The Americans do not belong among the dumb races. Their spiritual descent is not from Etruria and Phœnicia and Carthage, nor from the silent red man of the western forests. Intellectually, like all the leading races of Europe, they inherit from Greece and Rome and Palestine.
Their instinct of self-expression in the arts has been slower to assert itself than those other traits which we have been considering,—self-reliance, fair-play, common order, the desire of personal development. But they have taken part, and they still take part (not altogether inaudibly), in the general conversation and current debate of the world. Moreover, they have begun to create a native literature which utters, to some extent at least, the thoughts and feelings of the soul of the people.
This literature, considered in its ensemble as an expression of our country, raises some interesting questions which I should like to answer. Why has it been so slow to begin? Why is it not more recognizably American? What are the qualities in which it really expresses the Spirit of America?
I. If you ask me why a native literature has been so slow to begin in America, I answer, first, that it has not been slow at all. Compared with other races, the Americans have been rather less slow than the average in seeking self-expression in literary form and in producing books which have survived the generation which produced them.
How long was it, for example, before the Hebrews began to create a literature? A definite answer to that question would bring us into trouble with the theologians. But at least we may say that from the beginning of the Hebrew Commonwealth to the time of the prophet Samuel there were three centuries and a half without literature.
How long did Rome exist before its literary activities began? Of course we do not know what books may have perished. But the first Romans whose names have kept a place in literature were Nævius and Ennius, who began to write more than five hundred years after the city was founded.
Compared with these long periods of silence, the two hundred years between the settlement of America and the appearance of Washington Irving and James Fenimore Cooper seems but a short time.
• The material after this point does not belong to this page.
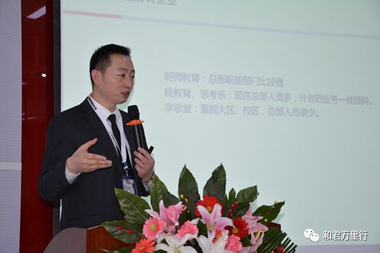 万志良先生目前是和君咨询的高级合伙人,也是整个校长班培训的压轴人物。第二天上午通过联想的组织进化路线图、新东方的组织演变过程以及卓越教育的组织升级之路三部分来系统、完整、全面地阐述了近10年咨询经历对于组织理论与设计实务的相关心得。第二天下午通过对艺朝艺夕、山东某机构组织模式、组织能力的解读引导校长班学员回去设计符合自己公司实情的、有力量的组织模式。万总在分享中的一些观点给大家留下了深刻印象: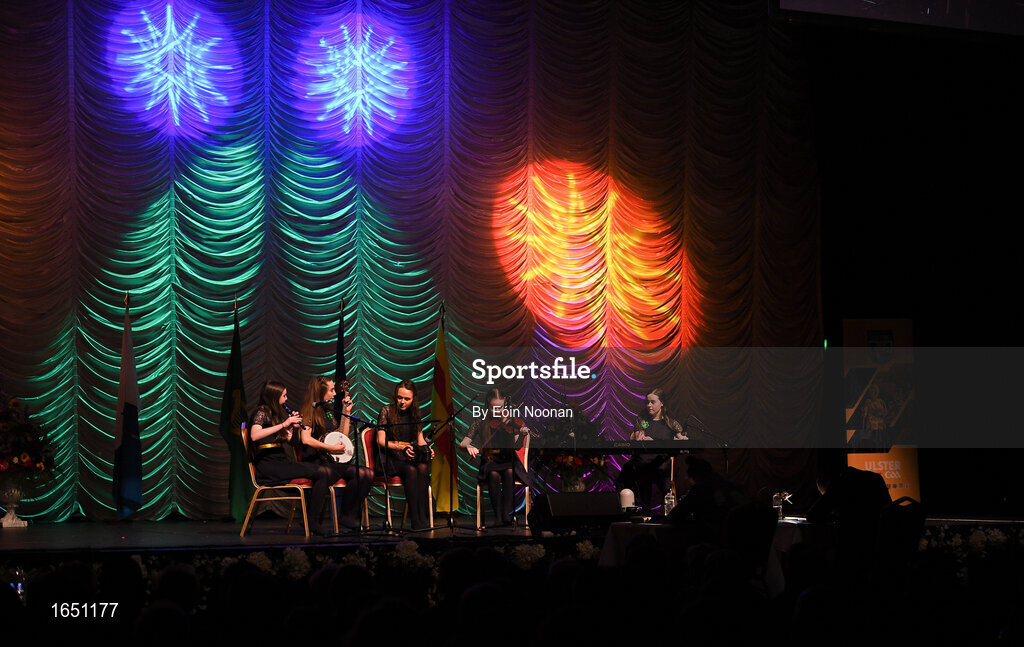16 February 2019; Leinster team from Kilcormac-Killoughey, Offaly, Aoibhe Dooley, Verona Lynch, Aine Gleeson, Meibh Dooley and Naoise Dooley competing in the Ceol Uirlise catagory during the Cream of The Crop at Scór na nÓg All Ireland Finals at St Gerards De La Salle Secondary School in Castlebar, Co Mayo. Photo by Eóin Noonan/Sportsfile

Even earlier than these writers I should be inclined to claim a place in literature for two Americans,—Jonathan Edwards and Benjamin Franklin. Indeed it is possible that the clean-cut philosophical essays of the iron-clad Edwards, and the intensely human autobiography of the shrewd and genial Franklin may continue to find critical admirers and real readers long after many writers, at present more praised, have been forgotten.
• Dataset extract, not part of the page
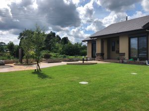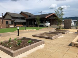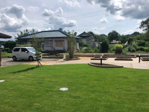 雑草対策と、広く綺麗な芝生と菜園のあるお庭の完成です。

But if you will allow me this preliminary protest against the superficial notion that the Americans have been remarkably backward in producing a national literature, I will make a concession to current and commonplace criticism by admitting that they were not as quick in turning to literary self-expression as might have been expected. They were not a mentally sluggish people. They were a race of idealists. They were fairly well educated. Why did they not go to work at once, with their intense energy, to produce a national literature on demand?